Luego, Ned estuvo un rato en el nido del sauce mientras Dick y Dolly cazaban saltamontes y grillos. Ned, para divertirse con Tommy, quena echarle en la cama unas cuantas docenas de animalitos, a fin de que éste, al acostarse, tuviera que pasar un buen rato de cacería. Cuando los cazadores terminaron la tarea, Ned les pagó lo estipulado, y marchó a prepararle la cama a Tommy.

Durante una hora el sauce suspiró, cantó y habló con el susurrante arroyuelo acerca de las bellezas del crepúsculo. De repente un niño atravesó el prado, llegó a Billy, que estaba junto al arroyo, y le dijo con gran misterio:

—¿Quieres, sin que se entere nadie, rogarle a papá Bhaer que venga a verme?...

Billy asintió con la cabeza y se marchó a cumplir el encargo. El recién llegado se encaramó en el nido.

En cinco minutos, apareció el maestro y, deteniéndose ante el sauce, exclamó afectuosamente:

—Me alegro mucho de verte, Jack. ¿Por qué no has ido a buscarnos en seguida?...

—Señor, ante todo, yo quería verlo a usted. Mi tío me ha ordenado volver. Yo sé que no merezco nada, pero le suplico que me traten con compasión.

—No creo que procedan contigo injustamente, pero tampoco que te traten con gran cariño. Siendo inocentes, Nat y Dan han sufrido por tu causa. Tú, que eres culpable, debes sufrir algo..., ¿verdad? —preguntó el maestro, compadeciendo al chico, pero pensando que merecía un correctivo.

—Sí, señor. Ya le devolví el dinero a Tommy, y dije por escrito que lo sentía muchísimo..., ¿no es bastante? —suspiró entristecido el muchacho.

—No. Creo que debes pedir perdón francamente a los niños. No esperes de ellos respeto ni confianza hasta que pase algún tiempo y se convenzan de que estás arrepentido. Yo te ayudaré a rehabilitarte. El hurto y la mentira son cosas abominables y espero que esto te sirva de lección.

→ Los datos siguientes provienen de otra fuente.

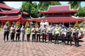 SEMARANG- jurnalpolisi.id Satgas Operasi Zebra candi 2021 laksnakan penyemprotan disinfektan di Klenteng Sam Poo Kong Semarang, Kamis (18/11/2021). Selain penyemprotan, satgas juga membagikan masker dan penyuluh kepada masyarakat sekitar. Kegiatan diawali apel pasukan yang dipimpin Kabag Bin Ops Ditlantas Polda Jateng, AKBP Yunaldi. Mewakili Dirlantas Polda Jateng, AKBP Yunaldi mengatakan operasi Zebra Candi 2021 berorientasi pada upaya preemtif, dan preventif. Hal ini dilakukan agar masyarakat sadar dan tertib berlalu lintas. “Masyarakat diharapkan meningkatkan toleransi dan etika berlalu lintas saat menggunakan kendaraan,” tutur dia. Terkait pembagian masker, AKBP mengatakan agar masyarakat sadar akan bahaya covid 19 dan taat protokol kesehatan. Adapun kegiatan penyuluhan, dan pembagian masker dipimpin AKP Sofia Wuriana dari Subbag Remin Ditlantas. “Personel yang terlibat pada operasi Zebra Candi 2021 di tingkat Polda Jateng 202 yang terbagi dalam 4 satgas,” ujar dia. Ia menuturkan operasi zebra Candi 2021 dilaksanakan dari (15/11) hingga (28/11). Rangkaian kegiatan operasi zebra candi Baksos, penyeluhan, pembagian masker serta upaya lain untuk meningkatkan kesadaran berlalu lintas dan penegakkan prokes.( Pewarta : Arif JPN)
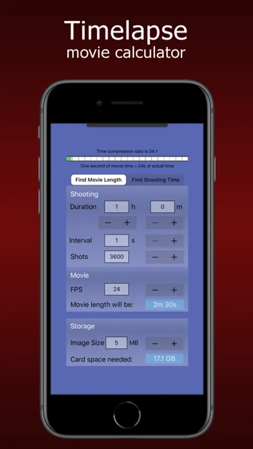- A Timelapse Calculator - calculate movie lengths, shooting times and storage space from shooting interval, frames per second and image size
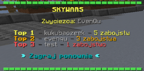 od kilku dni piszę system minigier, na pierwszy ogień wziąłem skywars. I tak trochę nie mam pomysłu na projekt scoreboarda. Akutalny tak średnio się prezentuje, ale zawiera te dane, które chcę ujrzeć na tym docelowym.
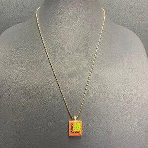 "L" Monogram Pendant Necklace 23 In As Is Wooden Game Tile Silver Ball Chain

—Haré una subasta y venderé mis bienes a precio ínfimo —propuso Jack, queriendo así castigarse en su espíritu comercial.

—Mejor será que los regales, y que emprendas un negocio nuevo. Adopta como lema: La honradez es la mejor política, y tenlo siempre presente en pensamientos, palabras y obras.

La cosa era dura. Sin embargo, Jack accedió porque deseaba reconquistar la amistad de los niños. Su fuerte arraigo del sentimiento de propiedad se rebelaba ante la idea de desprenderse de objetos que le eran muy preciados. Comparado con esto, pedir públicamente perdón era cosa fácil. Con todo, poco apoco, entendía que hay muchas cosas que no se ven ni se tocan, y que valen más que los cortaplumas, anzuelos, etc., y que el dinero mismo.

—Bueno, haré todo lo que usted me ha indicado —dijo con resolución repentina, que satisfizo mucho al señor Bhaer.

—¡Así me gusta! Cuenta conmigo y... ¡manos a la obra!...

Papá Bhaer condujo al desacreditado niño a la sociedad infantil que, al principio, lo recibió fríamente; pero, poco a poco, se reconcilió con él al convencerse de que la lección le había sido provechosa y de que Jack, sinceramente arrepentido y corregido, estaba ansioso por dedicarse a mejores negocios, sobre la base de su nuevo artículo de comercio: la honradez.